Für die Behandlung von Tumoren der Hypophyse und benachbarter Strukturen der Sella turcica ist eine interdisziplinäre, hoch spezialisierte, auf den individuellen Patienten abgestimmte Diagnostik und Therapie essentiell. Dabei kommt der perioperativen endokrinologischen Betreuung und der neurochirurgischen Tumorentfernung eine entscheidende Rolle zu. Alternative bzw. komplementäre Verfahren wie die fraktionierte Bestrahlung oder die Radiochirurgie müssen in einem langfristigen Behandlungskonzept miteinander abgestimmt werden.
Man unterscheidet unterschiedliche Prozesse im Bereich der Hypophyse:
Hormonaktive und -inaktive Adenome
Hypophysenkarzinome (sehr selten)
Selläre Metastasen (selten)
Mißbildungstumoren (Kraniopharyngeome)
Anlagestörungen (Zysten der Rathke´schen Tasche
Entzündungen (Hypophysitis, Hypophysenabszess)
Diagnostik
Tumoren im Bereich der Hirnanhangsdrüse können zu Über- oder Unterfunktionen unterschiedlicher Hormonachsen führen. Deshalb müssen diese Patienten von einem spezialisierten Endokrinologen langfristig betreut werden. Die meisten Hormonstörungen können medikamentös behandelt werden.
Typische hormonaktive Tumoren, die zu einer Übersekretion führen sind:
Das Prolaktinom
Das ACTH produzierende Adenom (M. Cushing)
Das STH- produzierende Adenom
Das TSH-produzierende Adenom (selten)
Das Gonadotropin-produzierende Adenom (selten)
Zusätzlich können diese Prozesse bei progredientem Größenwachstum durch eine lokale Raumforderung klinisch symptomatisch werden.
Typische Symptome sind:
Kopfschmerzen
Sehstörungen (Störungen der Sehkraft und des Gesichtsfeld)
Doppelbilder
Gesichtsschmerzen
Diagnostik der Wahl für hypophysäre Prozesse ist heute ein MRT ohne und mit Kontrastmittel in 3 Schnittebenen, gelegentlich ergänzt durch eine MR-Angiographie. Präoperativ können zusätzlich ein Schädelbasis-CT, eine CT-Angiographie oder selten eine Digitale Subtraktionsangiographie nötig werden.
Therapie
Die neurochirurgische Intervention ist die Primärtherapie nahezu aller hormonaktiver Tumore im Hypophysenbereich ist oder hormoninaktiver Tumore mit lokaler Raumforderung. Lediglich Prolaktinome werden in der Regel primär medikamentös durch den Endokrinologen betreut.

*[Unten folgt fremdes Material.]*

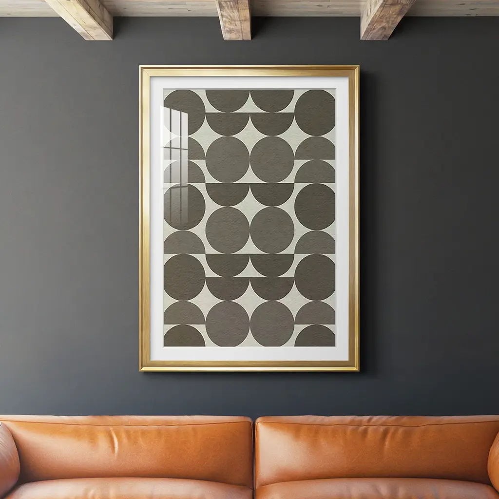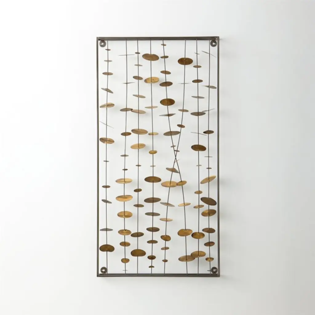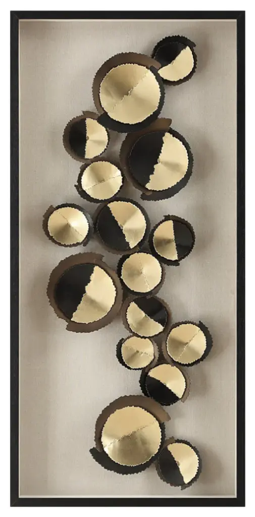 An Artful, Layered Assortment Of Serrated Edge Iron Discs Accented With Gold Leaf Centers. The Artwork Is Displayed Over A Light Oatmeal Linen Backing In A Satin Black Finished Shadow Box Frame Under Glass. May Be Hung Horizontal Or Vertical.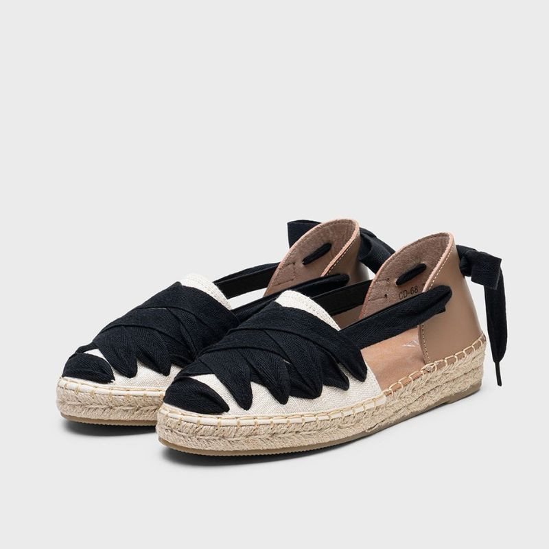 Confeccionadas en tejido de lino de textura natural, destacan por su diseño abierto y sus cintas largas al tobillo, que permiten un ajuste delicado y aportan un aire femenino y sofisticado.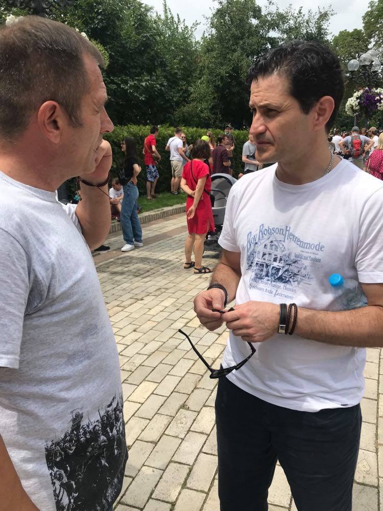 На фото: На мітингу зустрілися кримчани: Володимир Балух, який чотири роки провів в тюрмах Криму та Росії за свою проукраїнську позицію, та Ахтем Сеітаблаєв, відомий режисер та актор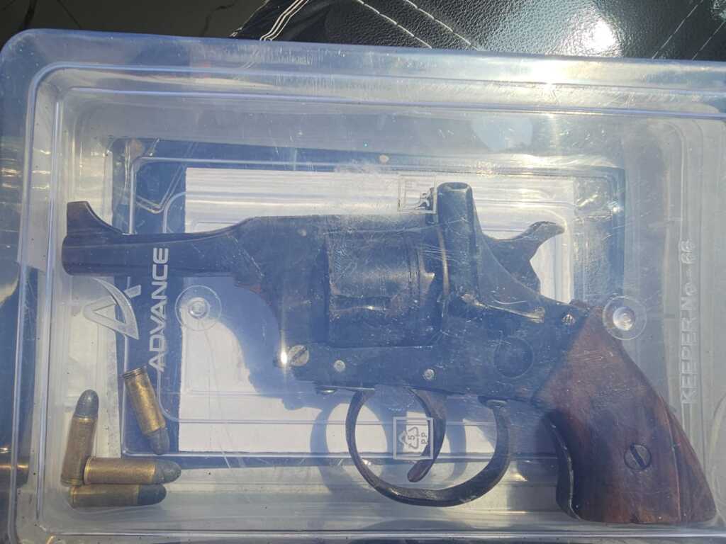 पुलिस ने उसके तीन दोस्तों को गिरफ्तार कर रिवाल्वर, चार जिंदा कारतूस और बिना नंबर की मोटरसाइकिल बरामद की है।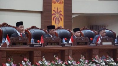 Telusur.news, MANADO – Bupati Kabupaten Bolaang Mongondow Selatan (Bolsel) H. Iskandar Kamaru, bersama Wakil Bupati Deddy Abdul Hamid, serta Ketua TP-PKK Kabupaten Ny. Hj. Selpian Kamaru-Manoppo dan Sekretaris TP-PKK Ny. Rosdiana Abdul Hamid-Lapatola, menghadiri acara Serah Terima Jabatan (Sertijab) Gubernur Sulawesi Utara (Sulut) serta Pelantikan Ketua TP-PKK Provinsi, Kabupaten, dan Kota se-Sulut. Acara ini berlangsung di Gedung DPRD Provinsi Sulawesi Utara, Kota Manado, pada Selasa, (04/03/2025).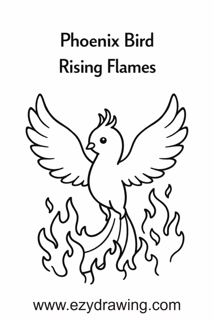 This drawing is breathtakingly beautiful and more achievable than it looks — it’s essentially overlapping flame shapes arranged into a bird silhouette. One of the most dramatic and stunning fire drawing ideas! 🦅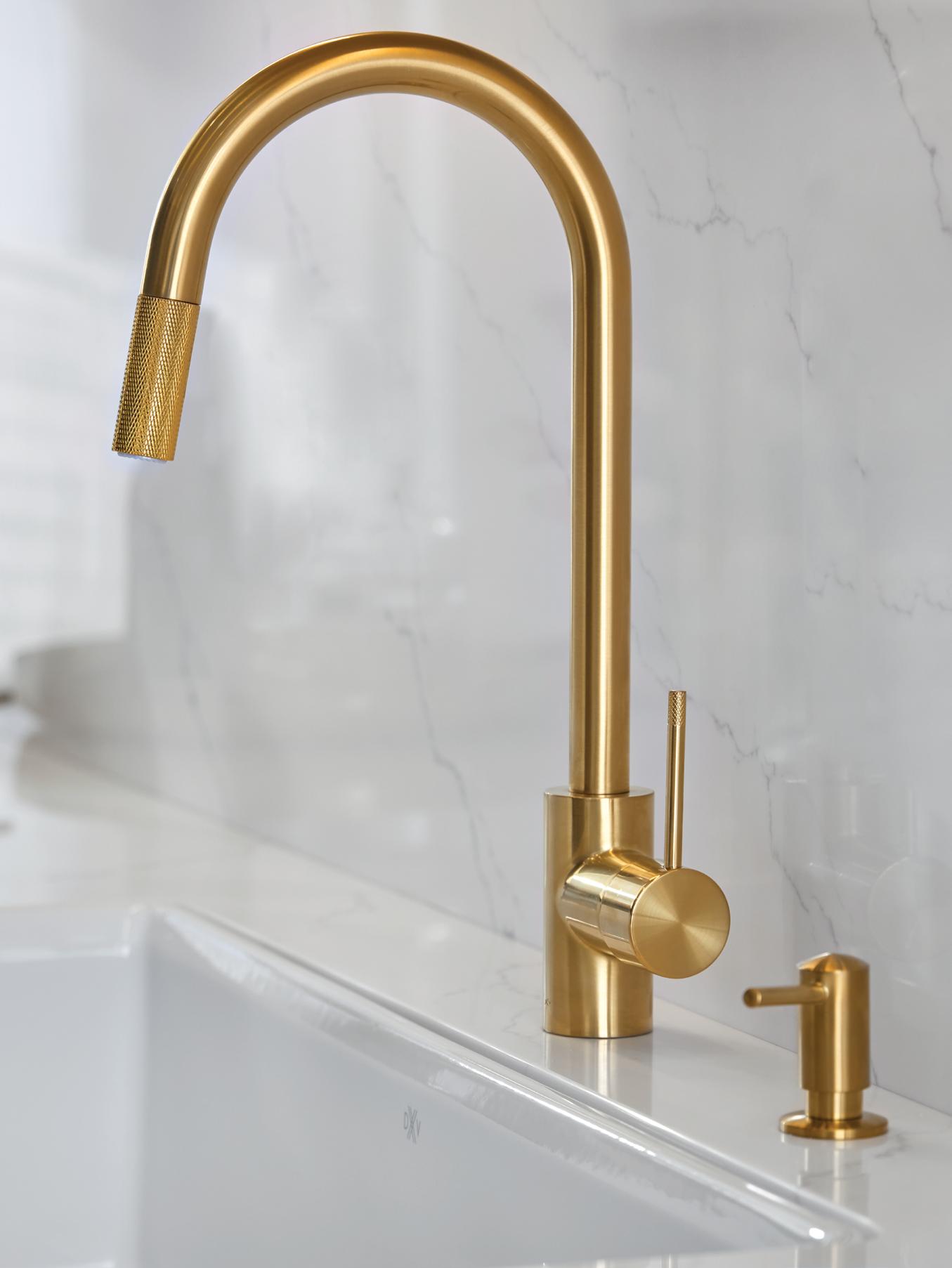 The Rook® Kitchen Collection by Brizo® exudes stately elegance at every turn. Its classic craftsman style is reminiscent of an early 20th-century aesthetic, while contemporary, feminine touches elevate and modernize the look.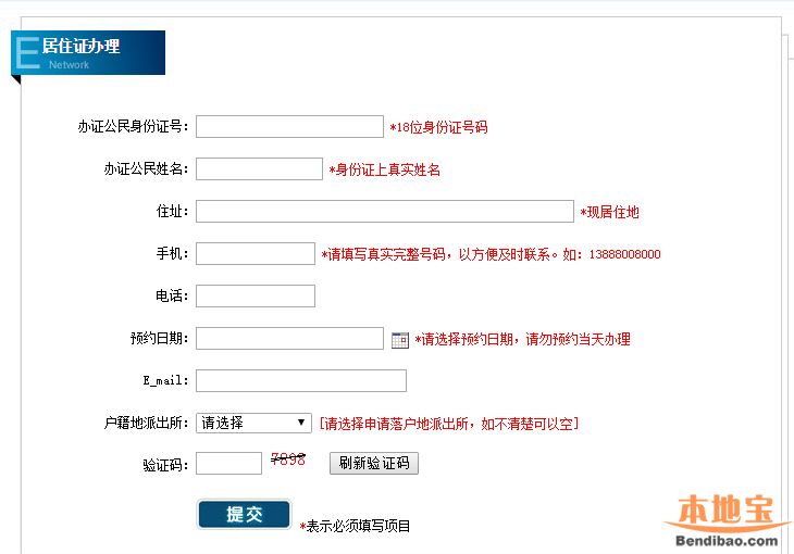 所需填寫的信息包含:辦證公民身份證號、辦證公民姓名、住址、手機(jī)、電話、預(yù)約日期、E_mail、戶籍地派出所、驗證碼;

Sehr selten kann vor allem bei hormoninaktiven Adenomen oder Prolaktinomen, eine akute Größenzunahme durch eine Einblutung oder Nekrose entstehen. Man spricht dann von einer Hypophysenapoplexie. Neben einer Kompression des Chiasmas mit teilweise hochgradiger Visusstörung bis hin zum Visusverlust, können heftige Kopfschmerzen, Übelkeit, Erbrechen und Zeichen der meningealen Reizung (bei begleitender Subarachnoidalblutung), eine Addison-Krise, ein Diabetes insipidus oder selten (bei Einblutung in den Hypothalamus) Bewusstseinsstörungen auftreten.
Eine Hypophysenapoplexie stellt einen neurochirurgischen Notfall dar. Nur eine rasche operative Entlastung kann zu einem Rückgang der Visusstörung führen.
Die Operationen werden mikrochirurgisch, endoskopisch oder kombiniert, transnasal teilweise mit Hilfe der Neuronavigation (v.a. bei Rezidiven) durchgeführt. Die endoskopischen Operationen werden gemeinsam von der Klinik für Hals-Nasen-Ohrenheilkunde und Neurochirurgie durchgeführt. Bei großen parasellären Ausdehnungen wird der transkranielle Zugang gewählt.
Für die prä-, intra-und postoperative Hormonsubstitution besteht am Hormonzentrum eine gemeinsam ausgearbeitetes SOP (standard operating procedure) zur Verfügung.
Bestrahlung
Insbesondere für Patienten mit malignen Tumoren der Hypophysenregion oder Rezidive gutartiger Tumore stehen strahlentherapeutische Verfahren zur Verfügung. Abhängig von der Größe und Lage des Tumors und der Tumorbiologie kommt eine fraktionierte Bestrahlung oder eine radiochirurgische Maßnahme mit dem Linearbeschleuniger oder dem Cyberknife in Frage.